Friday, October 01, 2010

nostalgia

A year ago to the day I was living in the Lehman House, in the heart of Cincinnati. A year ago today I found myself overcome with a deep sense of unsettledness, and I left the house and drove through the Kentucky highlands and found myself at the baseball fields in Ludlow right by the river. I sat in the dugout and it was night-time and quiet and cold, and I prayed, "This is where Courtney and I confessed that in one another, we found our dreams coming true. Her dream came true. Mine didn't." And then: "Please bring me a wife soon. A woman I can love and be loved by. And please bring Sarah a wonderful husband. And if at all possible, please make me that husband be me. I want to give her everything she wants. I pray she'll accept it." That's word-for-word my heart-wrenched prayer. I know because it's written in my journal on this very day in 2009. A year later I find myself praying the same prayer, in a sense; Sarah isn't a part of it, but the prayer remains: "Please bring me a wife." It's a selfish prayer, really, but let's be honest: most of our prayers are selfish. That doesn't mean God doesn't care. And I know that marriage, no matter how badly I want it, isn't a guarantee in this life. I don't believe that God sets aside people whom we're going to marry and then makes it happen. I think it's much more complicated--and serious--than that. But nevertheless, if my perspectives be wrong (and, in a sense, I hope they are), then perhaps my prayer will find fruit.

I miss those drives I used to take. Tonight I went for a drive down the winding back roads. Empty roads with fog hanging over everything. A beautiful mist. Man, I really do miss those Cincinnati drives. My most frequent was the OH-50 turnaround, but sometimes I would go downtown and drive around the stadiums where drug deals went down once 3:00 AM hit. Sometimes I would go across the Brent-Spence to Ludlow, Kentucky and sit on the bleachers in the old baseball field and across the river and up the rise was the Lookout at Mount Echo where many painful memories have been forged. And other times I would just get lost--on purpose--in the hills of northern Kentucky, sometimes arriving at abandoned graveyards where I would park and lay out amongst the overgrown tombstones and just look at the sky where the city's smog didn't block out the stars. I miss the drive through Eden Park, around the fountain and out through the ritzy district of Mount Adams; when going through the park, I would always slow down by the gazebo to see if the wailing ghost would appear (she never did). I miss how the drives would often result in me sitting on the patio at the Mariemont Starbucks, or when I'd find myself sipping coffee at The Anchor Grill in Covington. I miss my eggs and coffee at The Anchor, I really do. I can never make it as good even with a French press and constant practice flipping eggs. 

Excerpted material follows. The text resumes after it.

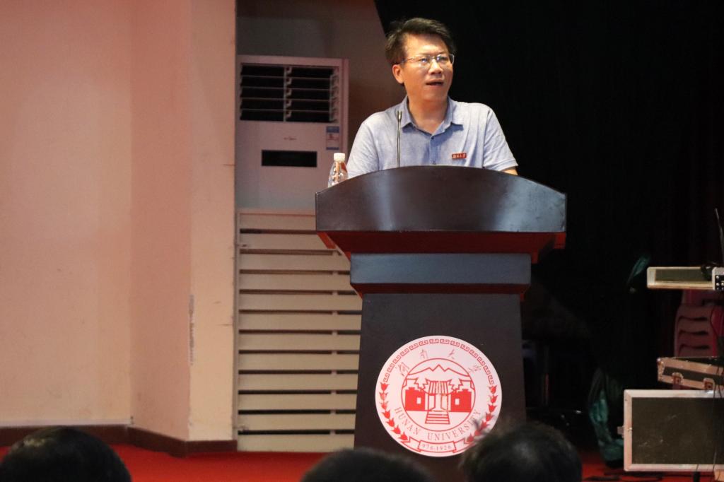 李承业同学作为高年级学生代表也分享了自己在大学生活中的经验。他认为大学是新的起点,同学们要尽快找到自己前进的方向,对生活保持好奇与热情,满怀伟大的情怀与抱负,以优秀学子为榜样,脚踏实地地走下去。他希望学弟学妹们在千年学府深厚校园文化的浸润中,真正做到“实事求是,敢为人先”。

Most of all I miss my life back then. It was a simpler life. Things were black-and-white. I would wake up, go to school, work twenty hours a week. The rest of my time would be spent hanging out with my friends, too many friends to count. I miss how we would sit around the dining room table and laugh until our sides were splitting, and I miss how we would congregate on either the back or front porch and drink beers (or wine for the more ritzy girls). I miss how the nights were cold and I would crawl into bed with the heater blowing and just curl up in my blankets and be sang to sleep by sirens and city traffic. I miss all of these things, and more. Were those days any better than these? No, not at all. In fact, these days are far better. Emotionally, I'm healthier; physically, I'm WAY healthier. But I do feel lonely a lot. Dylan, Tyler, and Dewenter are wonderful friends but I don't see them as much as I would like. Everyone's so busy. There are many nights that I just sit on the front porch and watch the moon rising above the trees and I wonder if my life will always be this way. And I know that there will come a day when I'll look back on these days and wish for them again, but they'll be gone, and I'll romanticize them, turning them into something they weren't; it's the same thing I've done with Cincinnati. Those years in Cincinnati were (a) the best years of my life and (b) the worst years of my life. But the human mind is a strange thing, and except for traumatic events, generally we only remember the "good times" of the "old days". And maybe that's why we miss them so much--we don't miss those days as they are but those days as they have become in our minds.